Bedknob and Broomstick by Mary Norton


  "Who's going to take him back?" asked Miss Price. She frowned. "No, Carey, I do think this is thoughtless of you. I had made up my mind this was the last trip the bed was going to make, and there you go picking up strange necromancers who you know perfectly well have to be taken home again, which means another journey." She pushed her feet into her bedroom slippers. "Where did you say he was?"

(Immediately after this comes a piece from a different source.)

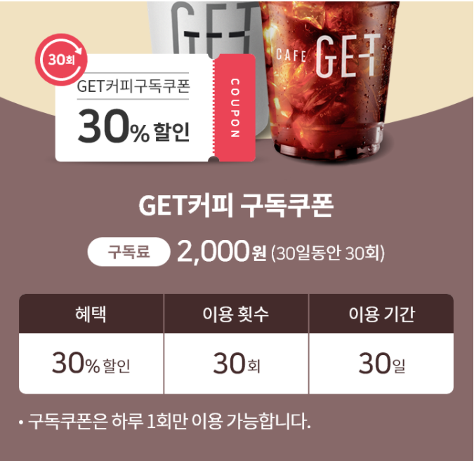 - 던킨 : 월 29,700 원으로 아메리카노를 매일 한잔씩 30잔 마실 수 있다. 300원 추가 시 라테로 변경 가능 (한 잔 990원)
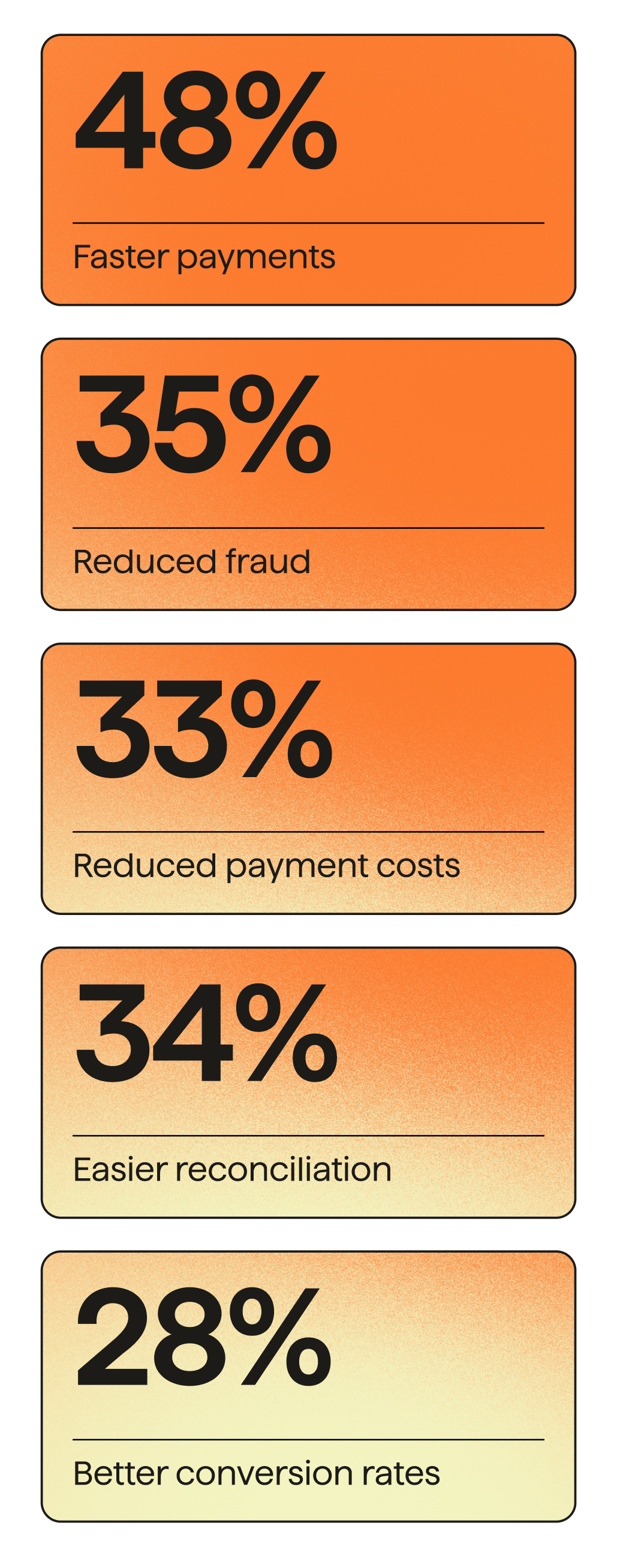Reduce your failed payments. Successfully collect 99% of instant, one-off payments – and 97.3% of automated, recurring payments – on the first try.

  "He's in your bedroom," said Carey. "On the bed."

  Miss Price looked really put out. "Oh, dear," she said. "Whatever next?" She slipped her arms into her blue flannel dressing gown. "How am I to get my clothes, or do my hair, or anything? I really am annoyed, Carey!" She gave a vicious tug as she tied up her dressing gown. "You must take him down to breakfast, and I'll have to see about him later."

  Emelius meekly followed Carey down the stairs. He looked dazed and gazed wanly about him. As he took his place at the breakfast table, he staggered slightly against Paul, who was halfway through his porridge.

  Carey looked worried. "Mr. Jones, are you all right?"

  "Yes, I am well enough."

  "You look so pale."

  Emelius ran a limp hand across his windblown hair. "Small wonder," he remarked, smiling faintly.

  Carey gazed at him uneasily; she was thinking of Miss Price. Would he, she began to wonder, give quite the right impression? In the bright light of day Emelius looked far from clean: his tousled hair hung wispily about his ears and his pallid skin was grayish. The long thin hands were stained, she noticed, and the nails were rimmed with black. The velvet of his fur-trimmed robe, though rich, was sadly spattered; and when he moved, he smelled of cottage kitchens.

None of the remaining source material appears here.